Он наполнил ее тарелку всяческими яствами, нашел для нее стул – безупречно внимательный, гостеприимный хозяин дома. Корделия послушно заработала вилкой, с трудом проталкивая еду в глотку, что не укрылось от внимания Гиля.
– Да что с вами? – спросил он, присев рядом с ней. Сейчас он был настолько близок, что ей передавалось шедшее от него тепло и даже жар влечения, которое, как она точно знала теперь, ему никогда не удовлетворить.
– Ничего, – она слабо покачала головой. Не могла же она передать ему тот недолгий разговор, что состоялся у нее с Алисой.
– Неужели вы всерьез думаете, что я удовлетворюсь вашими отговорками? Что-то удручает вас. Куда это вы, кстати, пропали, сбежав от меня?
– Никуда я не убегала. Просто тот оборот, который приняла наша беседа, показался мне отвратительным, и мне захотелось глотнуть свежего воздуха. Я была в оранжерее.
– Отвратительным? – его явно зацепило это слово, и теперь он, продолжая улыбаться, мстил ей беспощадной откровенностью. – Послушайте, Корделия, как вы не любите правды. А она в том, что нас тянет друг к другу, тянет неудержимо! И это для нас обоих не новость. Я желал вас в тот день, когда вы вошли в мой дом в Ла Веге, и что бы вы ни говорили, я знаю, что вы испытывали то же самое. И дело не в моем тщеславии, это очевидный факт. Когда же вы решитесь?
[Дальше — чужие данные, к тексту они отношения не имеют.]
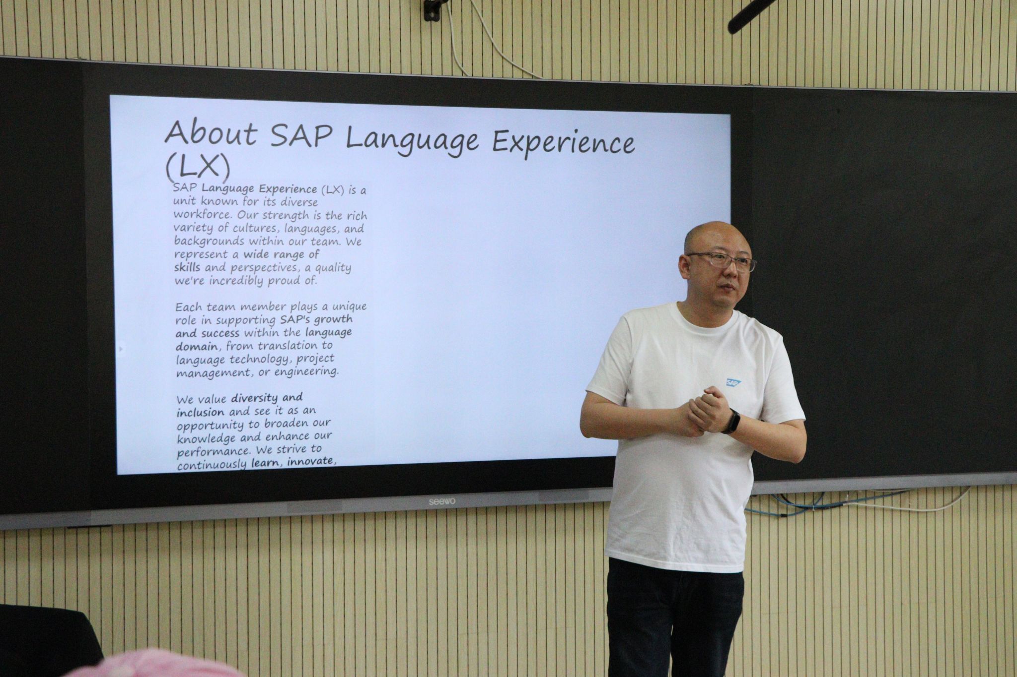 3月18日下午,SAP语言体验部(中国、韩国)经理张羽先生于西区2号楼2401开展题为“Dream, Design, Deliver: Crafting Your Vision in Language Services” 的专题讲座。本次讲座由英文学学院党委书记兼行政副院长蒋小军主持,吸引了众多师生前来聆听学习。

Он хочет, чтобы я грела его постель, пока не надоем, думала она горько. Понаслаждаться со мной, а потом отбросить.
– Я не хочу быть с вами, Гиль, – сказала она. Он издал недоверчивый смешок.
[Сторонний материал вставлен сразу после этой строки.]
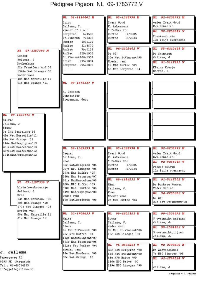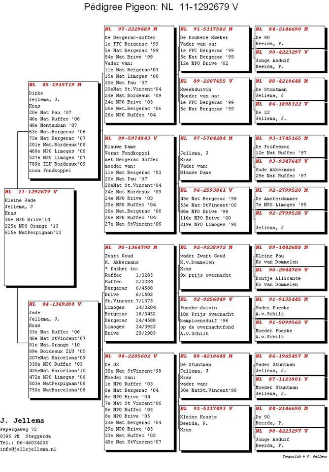 Hoy en día practican la consanguinida o endogamia y alguna vez introducen alguna paloma nueva. En algunos de sus pedegries podemos observar palomas de Ko Van dommen y Hnos. Bruggeman.

– Вы просто трусите жизни, реальной жизни, – проговорил он. – И как долго вы намерены пользоваться трауром по отцу, чтобы хранить себя, как экспонат в стеклянной колбе? Неужели ваш отец мечтал о такой участи для своей дочери? Начните жить, Корделия. Кто знает, может, тогда вы снова займетесь живописью.
– Не желаю говорить об этом, – почти закричала она неожиданно низким голосом. – Что дает вам право читать мне лекции?
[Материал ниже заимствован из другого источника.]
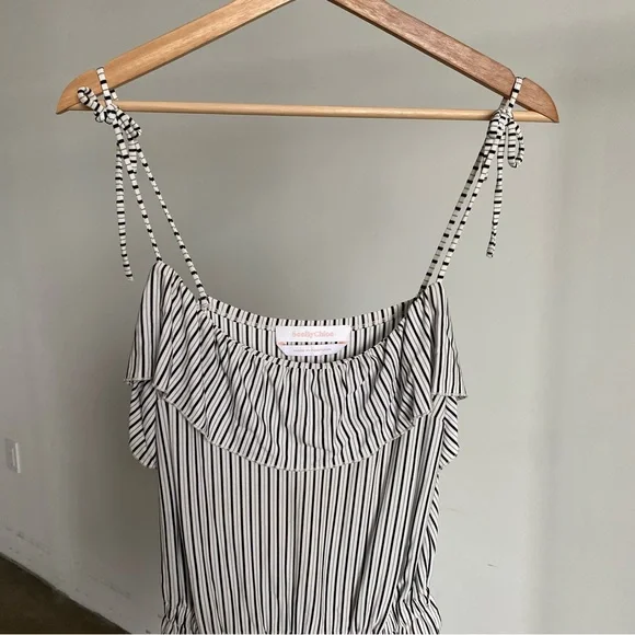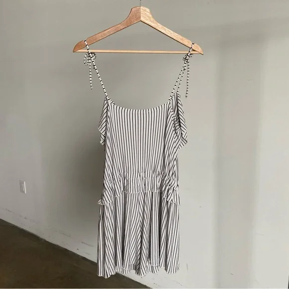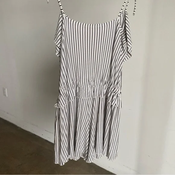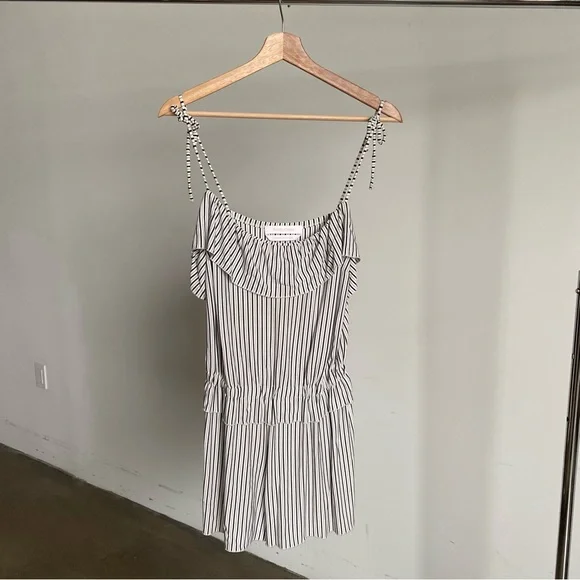 NWOT See By Chloe Black and White Striped Romper with Ruffles Sz 38 Medium

– Та же забота о ближнем, которая дала вам право напоминать мне о моих обязанностях в Ла Веге, – безжалостно изрек он. – Я всего лишь плачу услугой за услугу. Так что не стоит об этом, Корделия.
Она попыталась подняться, но он властным жестом положил руку на ее колено, так что она уже не могла уйти, не вызвав сцены, которая привлекла бы всеобщее внимание. И опять, как прежде, прикосновение его пальцев вызвало сладкую, тревожную дрожь, пробежавшую по всему телу.
– Дайте мне уйти, – прошептала она. – Я хочу вернуться домой.
Но еще с минуту он держал руку на ее колене, а взгляд его вонзился в ее глаза, призывая к повиновению. Она не поддалась взгляду и выдержала прикосновение, ничем не выдавая безумную, лихорадочную радость, охватившую все ее существо. Многолюдье мешало Гилю двинуть руку к ее бедру, но она почуяла, как ему хочется этого, и мощь его желания подарила ей такое эротическое переживание, что она еле смогла скрыть его.